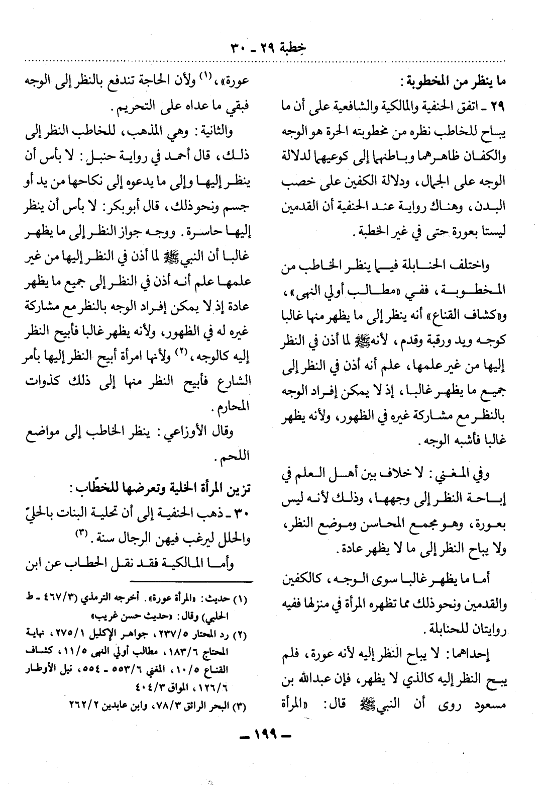 29 - اتَّفَقَ الْحَنَفِيَّةُ وَالْمَالِكِيَّةُ وَالشَّافِعِيَّةُ عَلَى أَنَّ مَا يُبَاحُ لِلْخَاطِبِ نَظَرُهُ مِنْ مَخْطُوبَتِهِ الْحُرَّةِ هُوَ الْوَجْهُ وَالْكَفَّانِ ظَاهِرُهُمَا وَبَاطِنُهُمَا إِلَى كُوعَيْهِمَا لِدَلاَلَةِ الْوَجْهِ عَلَى الْجَمَال، وَدَلاَلَةِ الْكَفَّيْنِ عَلَى خِصْبِ الْبَدَنِ، وَهُنَاكَ رِوَايَةٌ عِنْدَ الْحَنَفِيَّةِ أَنَّ الْقَدَمَيْنِ لَيْسَتَا بِعَوْرَةٍ حَتَّى فِي غَيْرِ الْخِطْبَةِ.
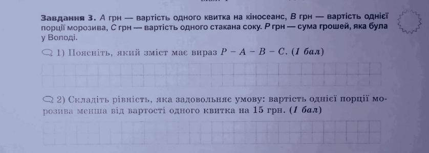 Відповідь::2.вартість квитка<порція морозива
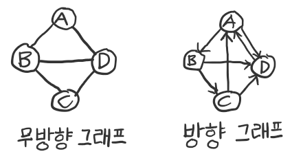 - V(방향 그래프) = { A, B, C, D } E(방향 그래프) = { <A, B>, <A, D>, <B, C>, <B, D>, <C, A>, <C, D>, <D, A> }

+ + + + + + +

Assignment = Could you give the material above again, exactly and without its pictures?

Task solution =
 29 - اتَّفَقَ الْحَنَفِيَّةُ وَالْمَالِكِيَّةُ وَالشَّافِعِيَّةُ عَلَى أَنَّ مَا يُبَاحُ لِلْخَاطِبِ نَظَرُهُ مِنْ مَخْطُوبَتِهِ الْحُرَّةِ هُوَ الْوَجْهُ وَالْكَفَّانِ ظَاهِرُهُمَا وَبَاطِنُهُمَا إِلَى كُوعَيْهِمَا لِدَلاَلَةِ الْوَجْهِ عَلَى الْجَمَال، وَدَلاَلَةِ الْكَفَّيْنِ عَلَى خِصْبِ الْبَدَنِ، وَهُنَاكَ رِوَايَةٌ عِنْدَ الْحَنَفِيَّةِ أَنَّ الْقَدَمَيْنِ لَيْسَتَا بِعَوْرَةٍ حَتَّى فِي غَيْرِ الْخِطْبَةِ.
 Відповідь::2.вартість квитка<порція морозива
 - V(방향 그래프) = { A, B, C, D } E(방향 그래프) = { <A, B>, <A, D>, <B, C>, <B, D>, <C, A>, <C, D>, <D, A> }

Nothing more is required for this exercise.